You will also benefit from the decrease in incidences of SPF and DKIM failures because only mail coming from your domains can be verified as legitimate on your end. A steady stream of threat-free email is always a win for your email reputation, and your delivery rates should improve along with the trend.
Ensure all emails are received safely
By enabling DMARC in their email marketing strategies, domain owners can better identify and prevent potentially malicious activity and protect their email recipients. However, email deliverability can be affected by a multitude of factors that go beyond Domain-based Message Authentication.
The secret to impressive email marketing campaigns is having the right tools on your side to uncover red flags behind original messages. Validity Everest provides you with the insight you require to get messages to recipients promptly. Thanks to features such as inbox placement insights, sender reputation monitoring tools, and engagement metrics, you can find out why your content is ending up within blocklists or spam folders.
We help you make the adjustments you need to communicate with your audience without unnecessary hurdles. Make informed decisions based on concrete data when you make Validity your partner for email security and assessment tools.
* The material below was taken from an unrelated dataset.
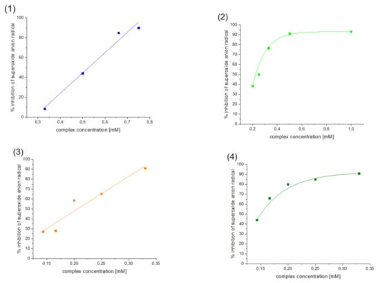 Inhibition of superoxide anion radical by (1) [VO(dipic)(H2O)2]·2 H2O, (2) [VO(dipic)(phen)]·3 H2O, (3) [VO(dipic)(bipy)]·H2O and (4) [VOO(dipic)](2-phepyH)·H2O.

Discover how Everest can help you set up and monitor proper email authentication to keep your program safe and secure.
DMARC FAQ
Do I need DMARC?
Everyone can benefit from DMARC. Unfortunately, the majority of senders don’t use DMARC, which puts not only their brand and sender reputations at risk, but also their email recipients. You’ll know if you have SPF or DKIM failures, but you won’t benefit from the granularity of DMARC reports unless you’ve done the legwork to implement DMARC. Without DMARC, you’re leaving lots of information on the table, and without those insights, your email program could be at risk.
Can I set up DMARC by myself?
Yes! But it can be tricky and often requires professional assistance. You’ll need a high level of confidence in your ability to build a functional record. You also might need help making sense of the reports you’ll receive or how to solve the issues you’re seeing in them.
If you’re not feeling confident enough to take on DMARC by yourself, there are lots of tools to help you get up and running. For example, Everest, Validity’s email success platform, can assist you in the set-up, implementation, and interpretation of DMARC.
What if I don’t use DMARC?
There is no penalty. MBPs aren’t treating mail without a DMARC policy associated with it unfairly, but you lack benefits from the additional signals DMARC can send to the receiver. You also put yourself at a greater risk for reputational damage because you could be spoofed unknowingly.
If you have SPF and DKIM set up, it is simple to add DMARC to the mix. However, if you don’t want to add DMARC, you don’t necessarily face a crash-and-burn scenario with your email program.
Does Gmail use DMARC?
Gmail and other email providers, including AOL, Comcast, Hotmail, and Yahoo! Mail, all enable DMARC. You can learn more about DMARC in Gmail using this guide within its help center. And as mentioned, Gmail now requires bulk senders to have a published DMARC record.
Is DMARC free?
DMARC is free. However, you will need to dedicate time and resources to setting up protocols and monitoring your alignment and deliverability. We recommend you adopt an email marketing and deliverability solution like Everest to help your team implement and manage DMARC.
Do I need DKIM if I have DMARC?
DMARC requires you to enable both DKIM and SPF, as it relies on these protocols to know if an email is safe and legitimate.
What is DMARC versus DKIM?
DKIM and DMARC are both security protocols for email, and DMARC relies on both DKIM and SPF to assess if an email is legitimate and, if not, where it should go.
Can DMARC pass if SPF fails?
A message cannot pass DMARC if it fails either SPF or DKIM. This is why DMARC is regarded as the highest level of security for email.